SNP arrays give information for both copy number and b-allele frequency.  With most copy number analysis, median recentering is selected by default.  This is appropriate when a sample is close to diploid.  However, when the overall ploidy strays due to extensive gains or losses, as is typical in many cancer samples, median recentering can lead to false calling.

Therefore, when evaluating an individual cancer sample, there are a few red flags to watch out for:

– Are there extensive copy neutral (baseline) areas with allelic imbalance (purple)?

– Are there extensive areas of copy number loss (red) without any corresponding allele change (purple allelic imbalance or yellow loss of heterozygosity)?

–  Are there extensive areas of gain (blue) without any corresponding allelic imbalance (purple)?

Here is one such example:

 Screen_Shot_2016-01-15_at_11.35.39_AM.png

As you can see in this example, there are extensive “gains” of chromosomes 2, 5, 7, 9, 10, 12, 19, 20,and 22, with no corresponding allelic imbalance, while the copy number loss regions all show appropriate loss of heterozygosity.  If we look at the whole genome view, we can get further information:

Screen_Shot_2016-01-15_at_11.36.36_AM.png

The top panel shows the copy number calling (note this is an Affymetrix MIP array, so everything is shown in a linear copy number scale).  We can see many areas called as loss (~-0.4) and gain (~0.4), but almost nothing is called at the baseline state (0).  When we look at the bottom B-allele frequency panel, we can see many regions of balanced heterozygosity, as noted by the typical 3 band pattern (spots at 0, 0.5 and 1.0).  These areas include chromosomes 2, 5, 7, 9, 10, 12, 19, 20,and 22; all of the areas that are also marked as “gained”.  Chromosome 14 shows a typical 4 band allelic imbalance pattern, but is marked as high amplitude gain (~1.2).

We can recenter this sample to the balanced regions of heterozygosity identified above, thus defining these chromosomes as diploid.  Within Nexus Copy Number software, this is done by:

1. Adding the factor “Diploid Regions” on the data set tab

2. Naming the diploid regions in the sample (chr2,chr5,chr7, chr9, chr10, chr12, chr19, chr20, chr22)

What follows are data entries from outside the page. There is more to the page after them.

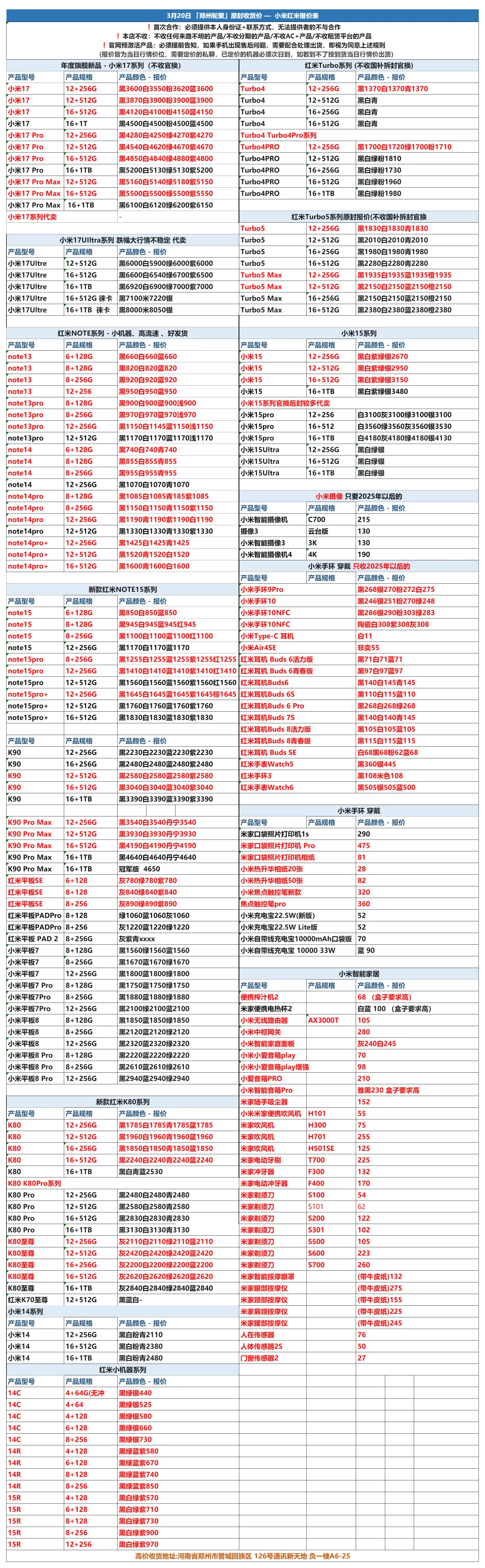 >郑州轮聚通讯 2026年3.20日数码报价更新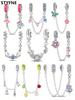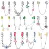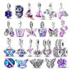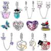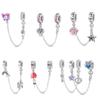 S925 Sterling Silver Lovely purple Charms Cat dog butterfly Flower Safety chain Dangle Pendants Fit Original Bracelet DIY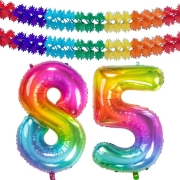 Folat folie ballonnen - Leeftijd cijfer 85 - glimmend multi-kleuren - 86 cm - en 2x slingers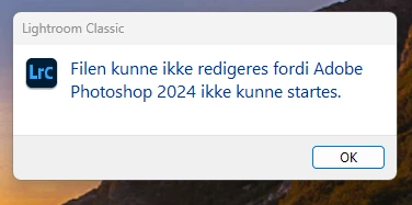 Now when I try to open photos from LR 12.4 using the "edit in...", it hangs up for a time and then comes up saying "The file could not be edited because Adobe Photoshop 2024 could not be launched."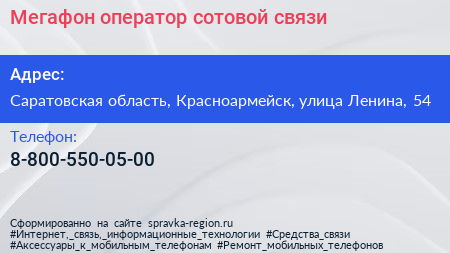 Мегафон, оператор сотовой связи по адресу Саратовская область, Красноармейск, улица Ленина, 54 в дальнейшем Организация, размещена в следующих категориях:

3. Adjust the settings to Recenter: Diploid Regions

4. Highlight the selected sample and Reset

5. Re-process the sample with the new settings by selecting View

Once recentered, this essentially shifts the top copy number panel while maintaining the identical lower B-allele frequency panel, as shown in the full genome view below:

copy-number-loss.png

Now this sample looks as expected: we see areas of copy number loss in the top panel are associated with loss of heterozygosity in the bottom panel for chromosomes 1p, 3, 4, 6, 8, 11, 13, 15, 16, 17, and 21.  We see copy number gain on chromosome 14 is associated with allelic imbalance on the bottom panel.  Furthermore a baseline diploid state is associated with a normal 3 band heterozygous pattern for chromosomes 2, 5, 7, 9, 10, 12, 19, 20, and 22.  This is reiterated in the summary view below:

Screen_Shot_2016-01-15_at_11.38.58_AM.png

As you can see, if we had not recentered this sample, we would have had extensive false positive calling.  Again, default median recentering is appropriate in samples that are close to diploid, and it is always a good place to start.  For a sample like the one above, where the actual ploidy is closer to 1.5, further recentering to specified regions may be required.  However, paying attention to the red flags outlined above will help you to recenter the sample and should yield positive results for your downstream analysis.

Drilling down to the whole genome view can also be useful for estimating the percentage of aberrant cells in a sample, or identifying potential areas of chromothripsis.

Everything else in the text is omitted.